What Do You Want to T.E.L.L. Your Children?


A little advice.

by John Croyle

 

After 40 years of raising nearly 2,000 children at Big Oak Ranch, experience has taught us a few things that might be of assistance for any of you who are raising your children or hoping to have an influence as a grandparent. Every day, I meet parents who are frantically searching for that magic formula that will be a guideline they could follow to successfully prepare their children for the future. 

The bad news: There is no magic when it comes to raising our children. It’s truly the toughest job you and I will ever face. Period. No two kids are going to be alike and no set pattern or philosophy will produce the elusive “perfect child.”

But now the good news: There is hope.  But let me explain by first asking you a question: What do you want to T.E.L.L. your children? We can use this acronym to help us illustrate some things we have learned over the past 40 years.

 

T = Train

We train our dogs and our cats, and yes, even wives train their husbands. We must also set up a plan to train our children. You are going to get all kinds of childrearing advice, some solicited and some unsolicited. I would be very presumptuous to try to tell you how to train your child. But remember this—It’s not built on what others think you need to train into your children.

My first recommendation is to start simple. As your child grows, so do the training plans. Why not sit alone and make a list of the things you want to teach your child? Truly decide in your mind and your heart that you really want to train these certain things into your child. Then pray and ask for the Lord’s wisdom. Then sit down with your mate and go over the list of what you want. Once you both are on the same page, just do it!

 

E = Encourage 

Anyone can be negative and condescending to a child who has really messed up. It’s easy to beat someone down. Real parenting is having the skills and applying those skills to make your child feel encouraged. When a child comes to Big Oak Ranch, we simply offer them a hope at a better life than the one they have experienced. We know that if we encourage them, most times they respond.

Perhaps you are on your kid’s back most of the time and you have seen little results. Why not try encouragement? I promise it will work. Just ask for wisdom, and the Lord will arrive on time every time.

 

L = Listen

As parents, we sometimes get so caught up in teaching and instructing life’s lessons that we forget the power of listening…especially to our children. We are so focused on what we feel we need to say that we don’t listen with our ears, and we lose the ability to listen with our eyes. Reading our child’s body language, attitude, facial expressions, and overall demeanor can become a challenge. From the child’s point of view, if what they have to say is not important enough for you to even listen, why should they share how they are feeling or talk to you about what issues are causing problems?

So many parents say, “Where did this attitude come from? I had no idea.” Cluelessness is often the result of not paying attention.

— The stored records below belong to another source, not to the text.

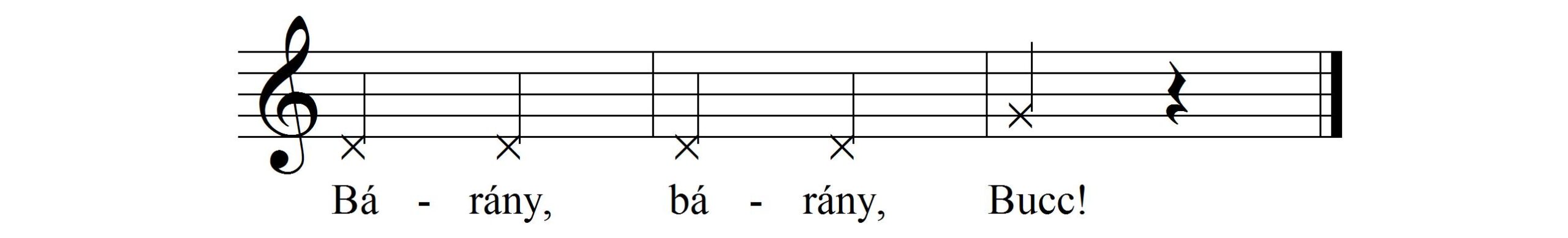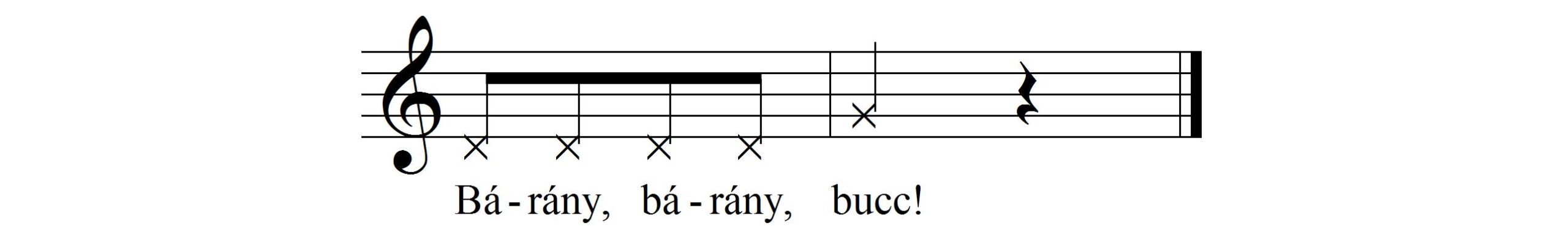 Ha a felnőtt homlokát fejcsóválással közelíti a kisgyermek arcocskája felé, ennek megfelelően a mondóka hangjainak időtartama is megváltozik:
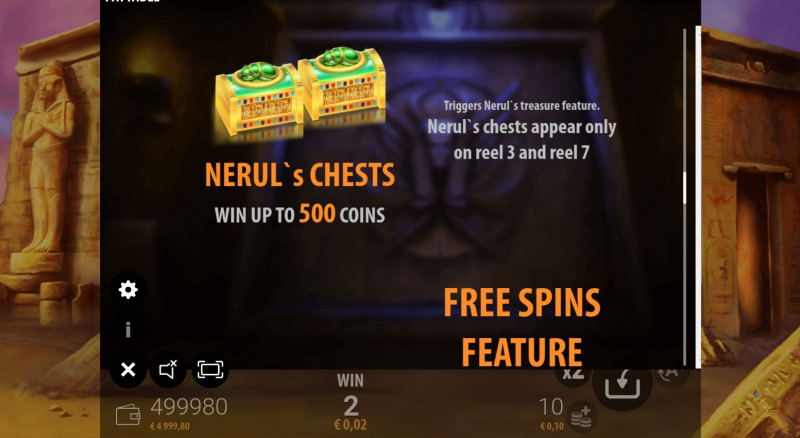 A set of two Nerul’s Chests landing on the third and seventh reels will unlock a feature where up to 500 coins can be won.
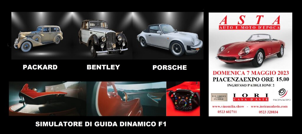 Un evento che rappresenta una novità per Piacenza e non solo. Per gli amanti della guida sportiva negli stessi giorni Iori Casa D’Aste mette a disposizioni due simulatori, uno dinamico per F1 e l’altro statico per Gt in collaborazione con Porsche Piacenza.
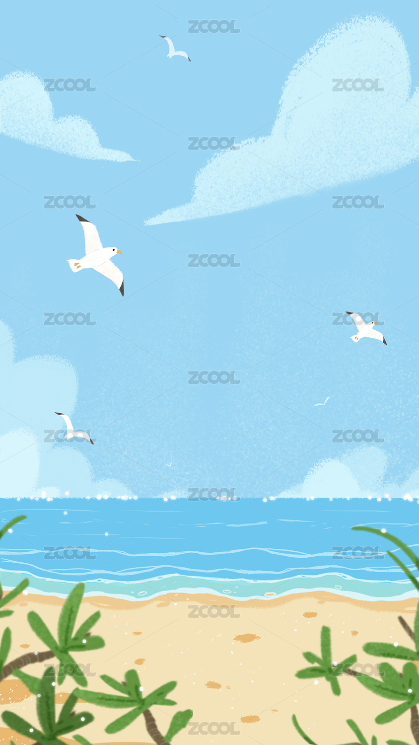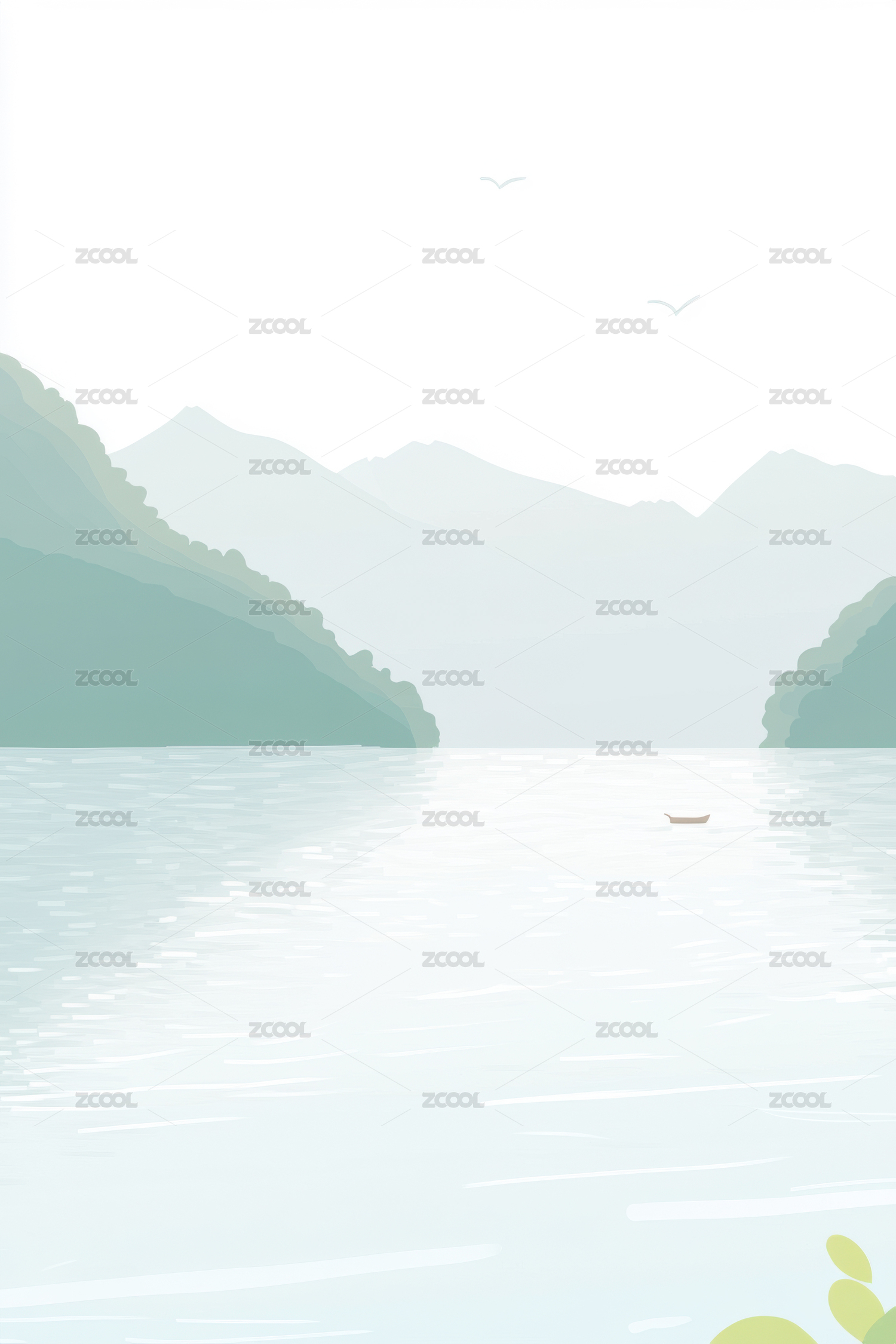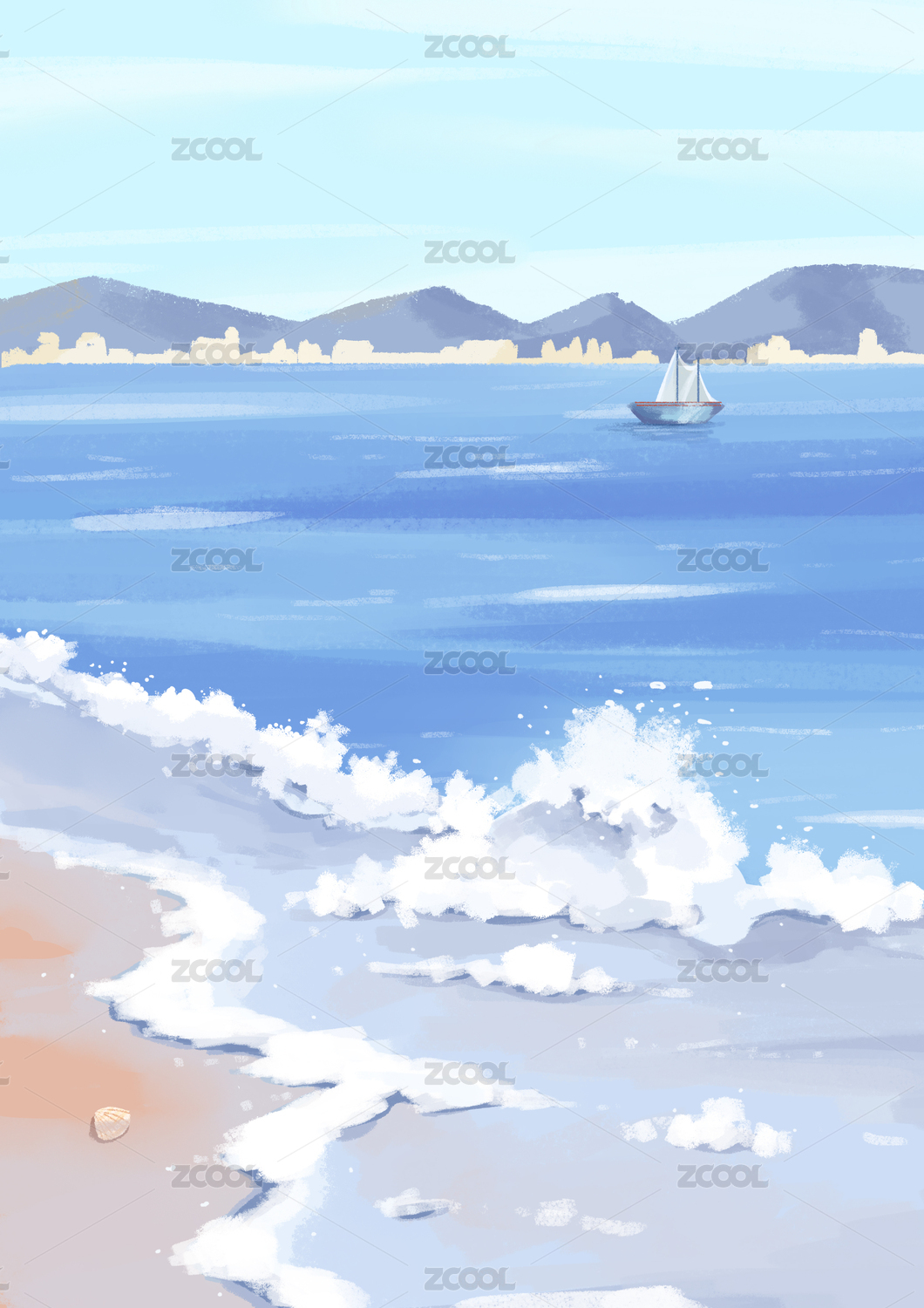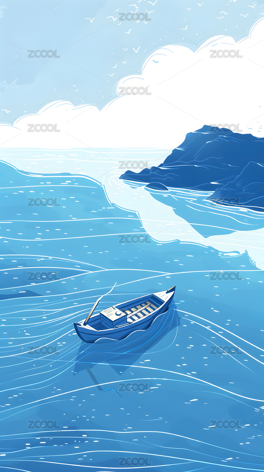 海上,海面,小船,树木剪影,山,云,插画,场景

Listening is a trait to be practiced daily with everyone, but especially with your children if you want them to know that you care about them.

 

L = Laugh

Learn to laugh!

If you get one thing from this article, I hope it is realizing your kids are not going to be perfect—and face the truth that you and I as parents definitely aren’t, either.

Many parents get so wound up with issues large and small that every time they enter the room with their families, everyone gets on edge. Is this how you want to be remembered? Or will your children naturally smile when they think of you and the life you lived before them?

Of course there are times when you have to be strict. But remember to have balance in all things, and don’t take yourself too seriously. Have fun, and enjoy life, and your children will do the same. I promise you’ll see the fruit of this approach now and in years to come.

Now, I’ll ask you again: What do you want to T.E.L.L. your children?